Overnight in Basic Lodge
Tirkhedhunga – Ghorepani
This morning we will drop downhill to cross the Bhurungdi Khola River, before climbing the steep stone staircase to the Magar village of Ulleri. Reputation has it that there are 3767 steps—it’s certainly the toughest section of the trek! But making it all worthwhile is that as you climb, the peaks of Annapurna South and Hiunchuli emerge from behind the foothills. Pasture and cultivated fields soon give way to deep forests of oak and rhododendron as we reach Ghorepani.
Overnight in Basic Lodge
Poon Hill - Sunrise is best in the Poon Hill
An early, pre-dawn hour-long climb up to Poon Hill (3210m) will be rewarded with a spectacular, unobstructed sunrise view of the high Himalaya. Poon Hill is named after the hill tribe Pun, inhabitants of Ghorepani and the surrounding areas. From Poon Hill you will be able to see Dhaulagiri, Tukuche, Dhampus, Nilgiri, Annapurna,Macchapuchhre, Manaslu,Lamjung and many more.
Trek to Ghandruk (1940 meters), via Tadapani
After descending from Poon Hill we will continue our trek to Tadapani, during which we will trek along ridges and through pine and rhododendron forest. Tadapani has close views of Annapurna South and Macchapuchhre. The trail initially climbs through thick forest before clearing. We eventually reach the Gurung village of Ghandruk.
Overnight in Basic Lodge
Trek to Nayapul
This is our final day of trekking. We walk for around three hours, to descend to the Modi River and a small village called Eklebhatti. From here, we follow the river for about two hours, until we reach Nayapul.
Drive to Pokhara
From Nayapul we drive back to Pokhara, retracing the journey of a few days earlier.

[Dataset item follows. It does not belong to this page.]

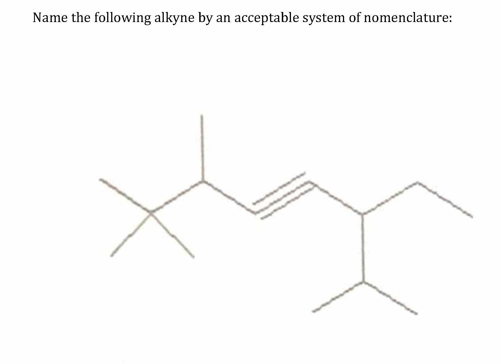 Name the following alkyne by an acceptable system of nomenclature:

Overnight in Hotel Mount Kailash
Fly to Kathmandu from Pokhara
The flight from Pokhara to Kathmandu takes just 30 minutes, but in that time you will be treated to spectacular views of the Himalayas.
After arrival in Kathmandu you will have free time to go for a walk or go souvenir shopping. Or, after all that trekking, just relax in the hotel!
Overnight in Hotel Traditional Comfort
Bhakatpur - The living history of the ancient Royal Monarchy
Bhaktapur is the quintessential Newari city, and one of the three old kingdoms of the Kathmandu Valley (the other two being Kathmandu and Lalitpur). Bhaktapur has some of the finest architecture in all Nepal. Among the three oldest cities of the Kathmandu Valley, Bhaktapur was once the largest, and was capital of Nepal during the Malla period.
In the narrow lanes and open squares of Bhaktapur you can see traditional crafts being made, such as pottery, metalwork, art, and the finest woodwork. Newari craftspeople are still renowned today as producers of some of the best traditional crafts in Nepal.
Departure to the airport for onward journey
We shall exchange our farewells, and promises to meet again. Because, “Nepal, Once is Not Enough.”